O-fluoroaniline is a light yellow liquid, oily; the color is not obvious when the amount is small. Slightly aromatic and poisonous. It is irritating to the skin, and its vapor or smoke is irritating to the eyes, mucous membranes and upper respiratory tract. When it enters the human body, it can form methemoglobin and cause cyanosis, which is harmful to the environment. This product is flammable and irritating. O-fluoroaniline is an important intermediate in the synthesis of fluorine-containing medicines and dyes. O-fluoroaniline can be used as a pharmaceutical synthesis intermediate. At present, o-fluoroaniline is mainly produced in China by reducing o-fluoronitrobenzene with iron powder.

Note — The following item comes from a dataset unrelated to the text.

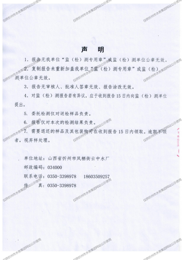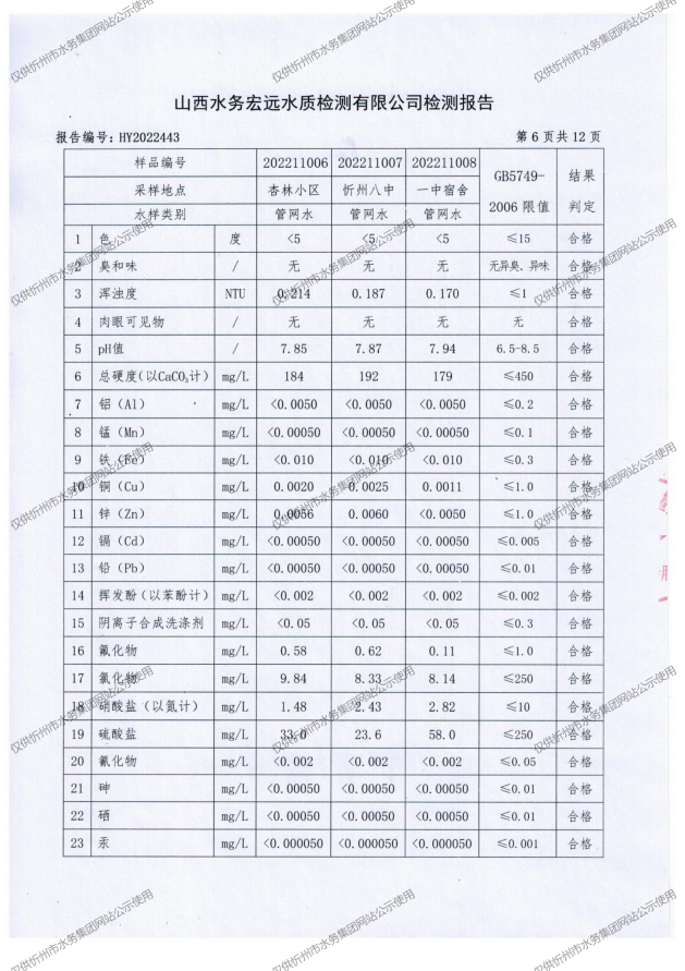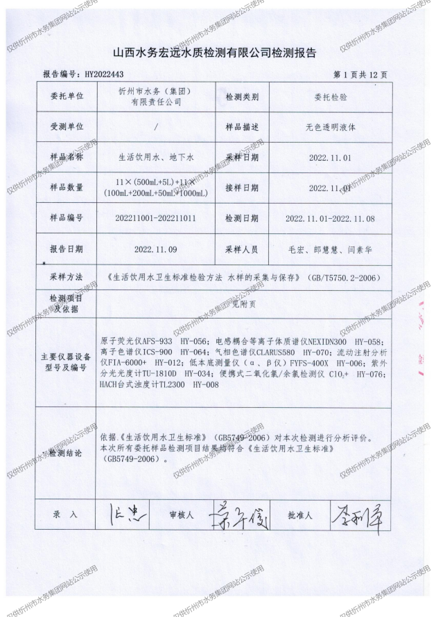 忻州城區公共供水水源水、出廠水、管網水、管網末梢水2022年11月份水質信息公示

This process will produce a large amount of iron sludge (2.2t~2.4t of iron sludge will be produced for every 1t of o-fluoroaniline produced), and at the same time, A large amount of amine-containing wastewater is produced (8 to 10 tons of amine-containing wastewater is produced for every 1 ton of o-fluoroaniline produced), which causes great harm to the environment. Therefore, the application prospect of using catalytic hydrogenation reduction method to synthesize o-fluoroaniline is very good. A large number of literatures have reported on the batch catalytic hydrogenation reduction method using a kettle reactor and using Pt/C as the catalyst. This method has low initial investment and is easy to implement, but it requires a lot of manpower, has poor safety, and produces a large amount of waste liquid and waste residue. It has not yet been industrialized. At present, there are few literature reports on methods and catalysts for preparing o-fluoroaniline using fixed-bed continuous catalytic hydrogenation. This process is safe, environmentally friendly, has high production efficiency, requires few personnel, and is conducive to industrial production in the long run.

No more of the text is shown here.